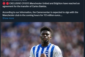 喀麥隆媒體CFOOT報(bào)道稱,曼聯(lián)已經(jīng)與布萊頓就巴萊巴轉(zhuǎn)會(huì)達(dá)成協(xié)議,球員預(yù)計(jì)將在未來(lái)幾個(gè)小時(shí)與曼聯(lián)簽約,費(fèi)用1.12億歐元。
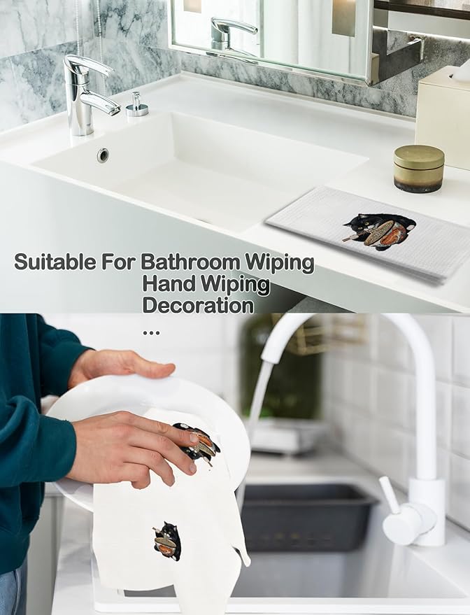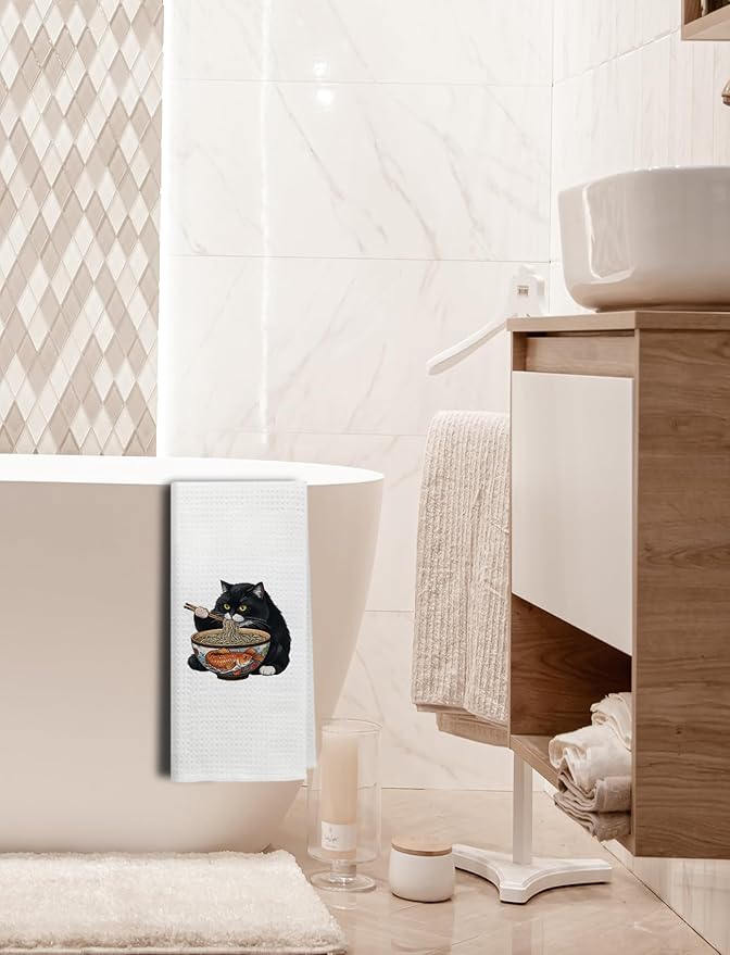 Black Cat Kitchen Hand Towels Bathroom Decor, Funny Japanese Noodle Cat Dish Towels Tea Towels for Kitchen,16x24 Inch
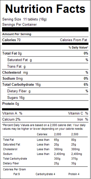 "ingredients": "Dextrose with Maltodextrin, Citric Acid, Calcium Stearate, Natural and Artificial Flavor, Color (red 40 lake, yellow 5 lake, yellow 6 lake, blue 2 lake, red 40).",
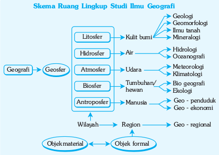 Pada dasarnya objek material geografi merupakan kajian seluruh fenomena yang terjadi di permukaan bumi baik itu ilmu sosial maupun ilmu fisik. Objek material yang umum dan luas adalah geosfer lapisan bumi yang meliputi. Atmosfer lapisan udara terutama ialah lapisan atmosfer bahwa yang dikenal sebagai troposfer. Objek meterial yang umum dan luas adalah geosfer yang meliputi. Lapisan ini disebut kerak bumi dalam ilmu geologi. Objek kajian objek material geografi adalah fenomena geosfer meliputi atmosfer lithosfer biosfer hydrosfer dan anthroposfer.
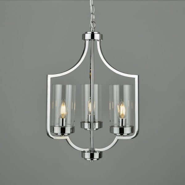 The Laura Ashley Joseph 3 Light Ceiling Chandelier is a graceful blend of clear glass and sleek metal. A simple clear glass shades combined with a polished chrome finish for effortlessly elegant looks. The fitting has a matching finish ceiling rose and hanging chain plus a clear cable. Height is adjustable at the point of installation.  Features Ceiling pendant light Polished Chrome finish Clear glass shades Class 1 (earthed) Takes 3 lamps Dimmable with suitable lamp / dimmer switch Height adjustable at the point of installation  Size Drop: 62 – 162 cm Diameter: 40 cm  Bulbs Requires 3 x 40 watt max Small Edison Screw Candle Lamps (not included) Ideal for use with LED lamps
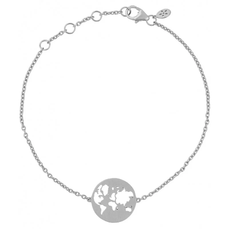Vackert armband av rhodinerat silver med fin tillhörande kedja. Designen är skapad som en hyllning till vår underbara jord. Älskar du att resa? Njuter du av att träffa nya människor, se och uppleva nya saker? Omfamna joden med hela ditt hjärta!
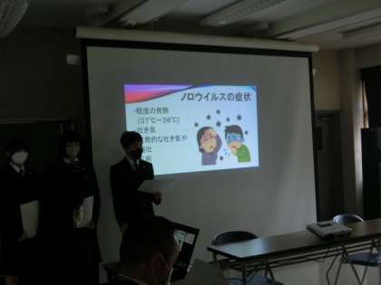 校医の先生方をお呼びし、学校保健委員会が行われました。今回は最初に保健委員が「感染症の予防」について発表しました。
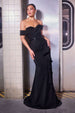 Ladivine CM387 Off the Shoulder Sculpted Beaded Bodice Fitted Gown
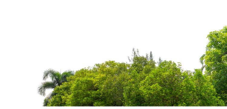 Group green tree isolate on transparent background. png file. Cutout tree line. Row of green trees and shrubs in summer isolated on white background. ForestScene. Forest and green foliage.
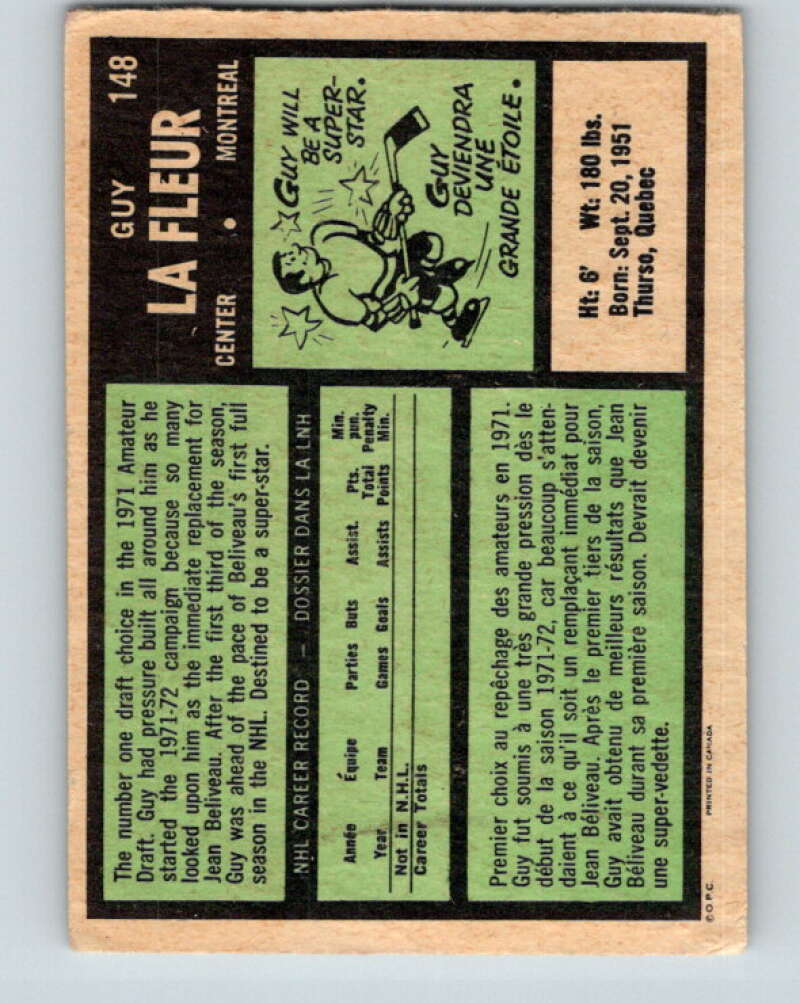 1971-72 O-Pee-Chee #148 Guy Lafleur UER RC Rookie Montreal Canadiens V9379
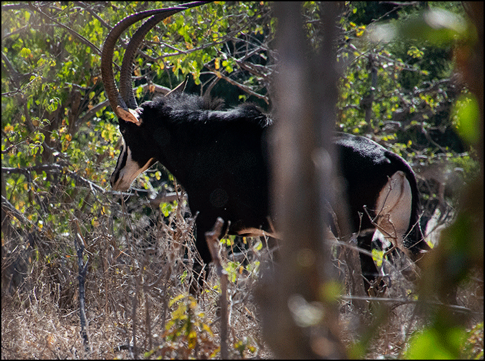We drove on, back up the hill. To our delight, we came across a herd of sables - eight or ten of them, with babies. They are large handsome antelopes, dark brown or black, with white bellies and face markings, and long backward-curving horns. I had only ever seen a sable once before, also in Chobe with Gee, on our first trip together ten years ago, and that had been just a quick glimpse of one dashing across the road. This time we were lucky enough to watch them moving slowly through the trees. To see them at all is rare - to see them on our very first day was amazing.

───

> EXERCISE INSTRUCTIONS: In the entries above, find the line containing "Black Cat Kitchen" and the line containing "with Maltodextrin, Citric", then copy both and every line between them exactly, without any picture.

> ANSWER SECTION:
 Black Cat Kitchen Hand Towels Bathroom Decor, Funny Japanese Noodle Cat Dish Towels Tea Towels for Kitchen,16x24 Inch
 "ingredients": "Dextrose with Maltodextrin, Citric Acid, Calcium Stearate, Natural and Artificial Flavor, Color (red 40 lake, yellow 5 lake, yellow 6 lake, blue 2 lake, red 40).",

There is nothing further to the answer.